Q: How strong is the demand for integrated solutions today?

A: National issues, such as rising malpractice insurance, rising healthcare costs and the move toward evidence-based medicine have made it necessary for healthcare providers to seek an electronic solution for improved patient care, efficiency and workflow. Only an integrated, comprehensive approach to healthcare delivery will help the industry address these issues and achieve better outcomes. Such a solution should include the most advanced imaging systems for faster, more accurate diagnosis; strategic consulting to ensure process optimization and control costs; as well as the information technology component that brings all patient data together and allows access to information anytime, anywhere.
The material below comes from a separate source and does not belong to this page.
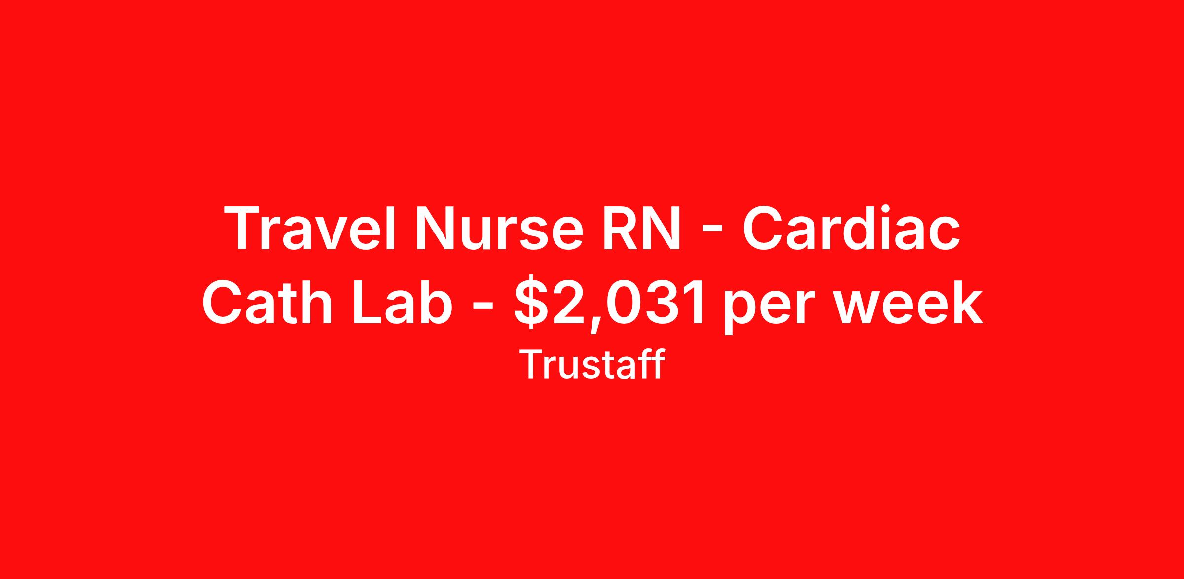 Travel Nurse RN - Cardiac Cath Lab - $2,031 per week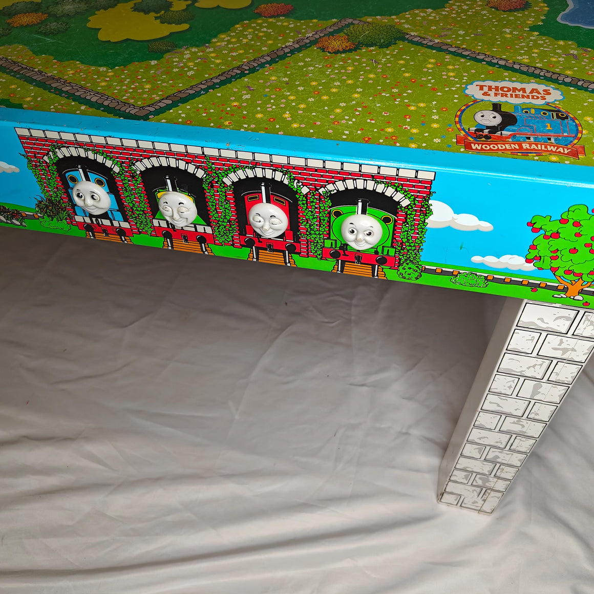 This item is in great used condition and comes with all parts. This is the Island of Sodor Wooden Playtable with the Island Adventure Playboard. All parts for assembly are included, tools are not.

This means more than simply linking up individual departments, but it means linking information from the entire hospital and beyond:  from lab results to pharmaceutical data to insurance facts to electrophysiological information and more.

Nowhere is this level of efficiency and quality of patient care more important than in the cardiac setting, where seconds count in patient health and survival. A good example of the success of an integrated solution is The Heart Center of Indiana (THCI), which opened its doors in December 2002. THCI was the first all-digital free-standing cardiac facility, built from the ground up with Siemens medical technologies.

Q: Why are we seeing an increase in dedicated, specialty heart hospitals?

A: With more than 12 million Americans having a history of heart disease, coupled with diminishing reimbursements, there is a clear need here for reliable and economical tools to diagnose and treat cardiac ailments at an early stage, and to track progression of disease in order to allow for successful medical care. The unique and specialized environment necessary for quality cardiovascular care has prompted a trend of creating specialized heart hospitals. "Big picture" solutions are needed that blend imaging and IT to give cardiologists a unique, customized solution that enhances workflow, saves time and enables proven outcomes.


  • According to World Health Organization (WHO) estimates, 16.6 million people around the globe die of cardiovascular disease each year.
  • In 1999, there were 7.1 million deaths from coronary heart disease globally. The WHO predicts that in 2020 this figure will have risen to 11.1 million.

Robert Dewey is Director, Cardiology Program, at Siemens Medical Solutions.